- TASK OBJECTIVE: From the first line of the data down to and including the line with "A vibrant Chinon", copy everything exactly, leaving out pictures.

- MATERIAL PROVIDED:
%%
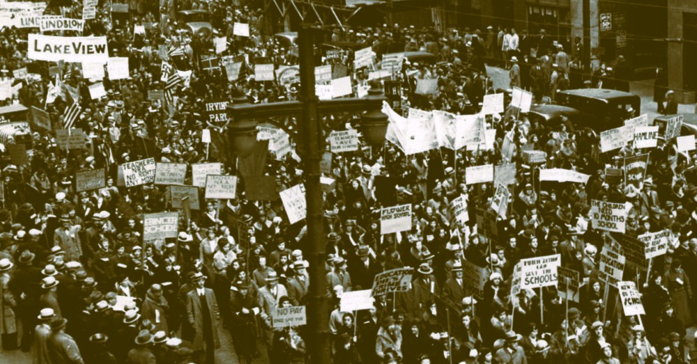 Chicago, site of some of the earliest teachers’ organization, the Chicago Teachers Federation was founded in 1897, saw 14,000 teachers go years with virtually no pay–and no fight back–during the early Great Depression. Vera Stone urges teachers, many products of parochial schools, to drop their passivity, ‘professional’ and ‘patriotic’ pretenses, organize, and push back. They would. In the months following this articles mass protests, new unions, parent organizations, and militant oppositions all appeared in the district in sustained campaigns. It would take until 1934, and federal funding, for the teachers to get paid.
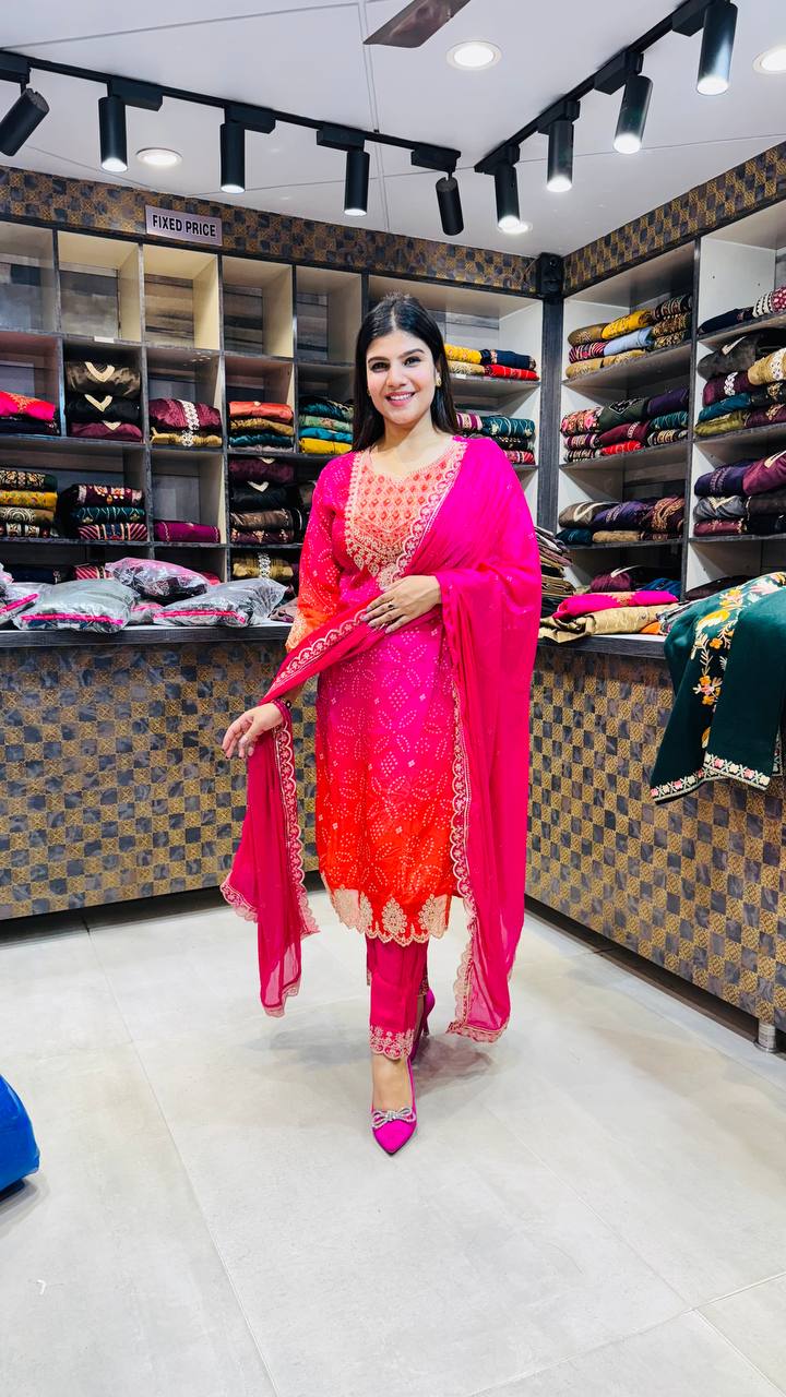 A vibrant Chinon 3-piece suit that beautifully blends fuchsia pink and sunset orange hues, creating a radiant ombré effect. The kurta is adorned with intricate embroidery and mirror work, adding a festive sparkle to the rich colour palette. Paired with a matching embroidered pant and a flowy Chinon dupatta finished with lace borders, this outfit embodies grace, glamour, and celebration — perfect for weddings, sangeet nights, or festive gatherings.
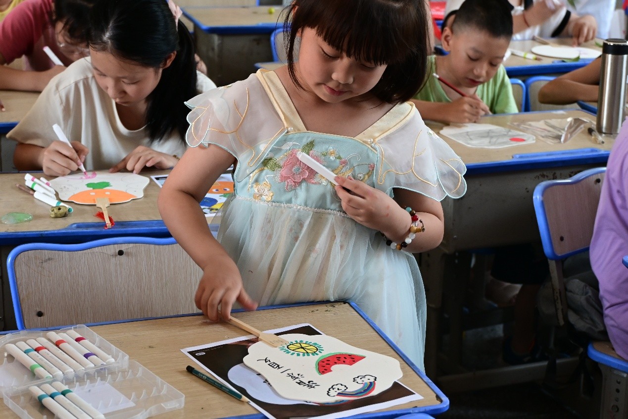 而在美術課堂,孩子們拿起畫筆,在空白扇面上盡情創(chuàng)作。有的勾勒青山綠水,有的描繪可愛動物,還有的繪制心中夢想,五彩斑斕的顏料讓素白的扇子煥發(fā)生機。孩子們舉著自己的作品相互欣賞,笑容中滿是成就感。
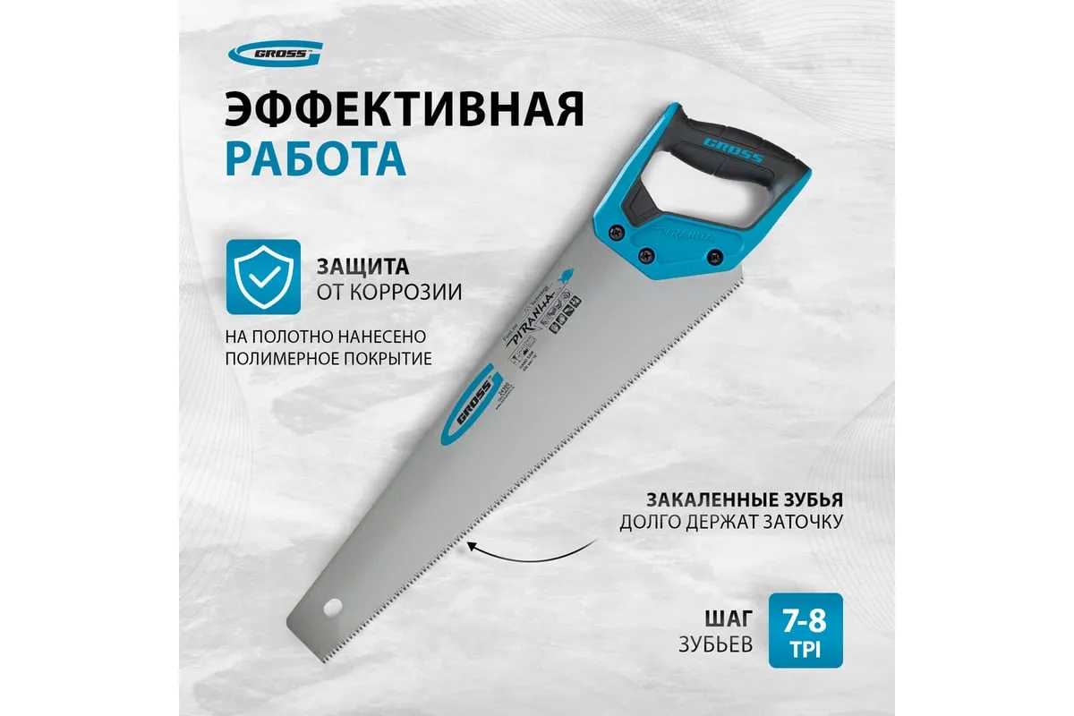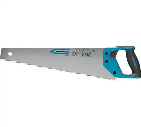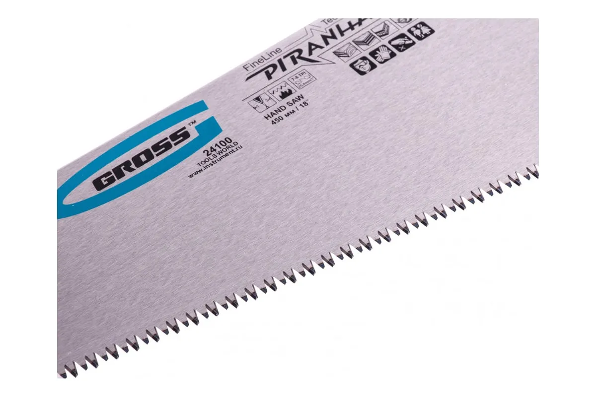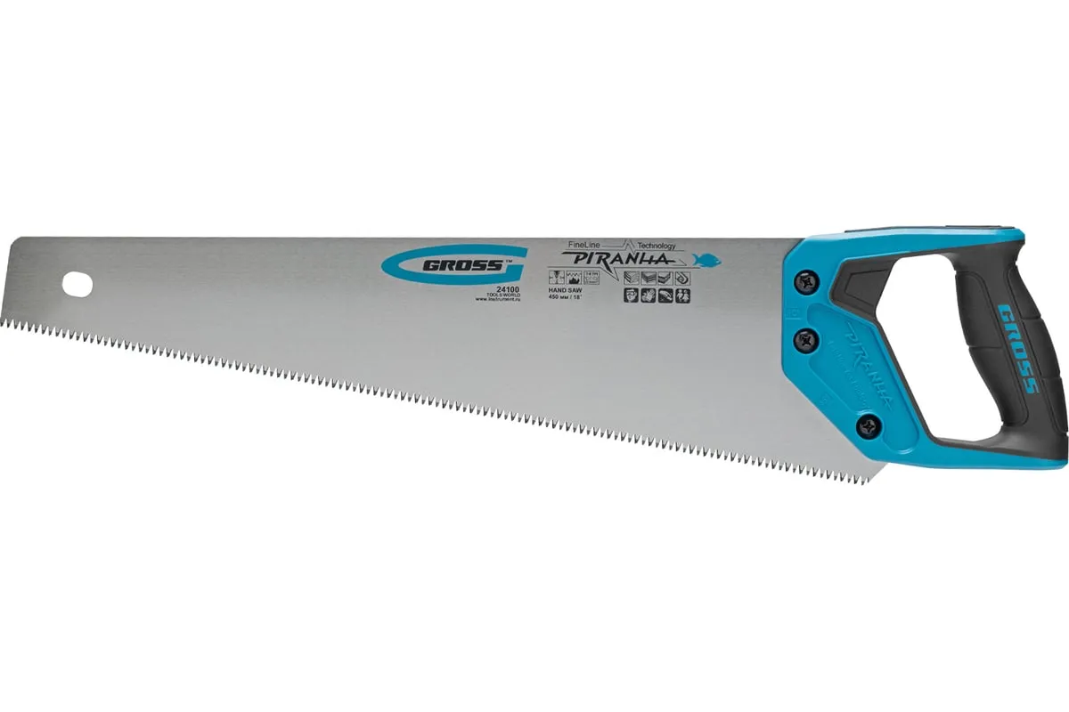 Ножовка по дереву 450 мм GROSS PIRANHA 24100 с полотном длиной 450 мм, калеными зубьями с 3D-заточкой и шагом 7-8 TPI, с 2-компонентной рукояткой, используется для распиливания древесины, МДФ, ДСП, ДВП, ламината, а также пенополистирола, полиуретана и других пластических материалов. Подходит для продольного и поперечного пиления. Зубья имеют универсальный шаг 7-8 TPI, поэтому ножовка подходит для решения широкого спектра задач. Трехгранная заточка зубьев обеспечивает максимальную производительность и высокое качество пиления. Ножовка предназначена для столярных и плотницких работ, пригодится во время ремонта и будет полезна в быту.
%%
- RESPONSE AREA:
 Chicago, site of some of the earliest teachers’ organization, the Chicago Teachers Federation was founded in 1897, saw 14,000 teachers go years with virtually no pay–and no fight back–during the early Great Depression. Vera Stone urges teachers, many products of parochial schools, to drop their passivity, ‘professional’ and ‘patriotic’ pretenses, organize, and push back. They would. In the months following this articles mass protests, new unions, parent organizations, and militant oppositions all appeared in the district in sustained campaigns. It would take until 1934, and federal funding, for the teachers to get paid.
 A vibrant Chinon 3-piece suit that beautifully blends fuchsia pink and sunset orange hues, creating a radiant ombré effect. The kurta is adorned with intricate embroidery and mirror work, adding a festive sparkle to the rich colour palette. Paired with a matching embroidered pant and a flowy Chinon dupatta finished with lace borders, this outfit embodies grace, glamour, and celebration — perfect for weddings, sangeet nights, or festive gatherings.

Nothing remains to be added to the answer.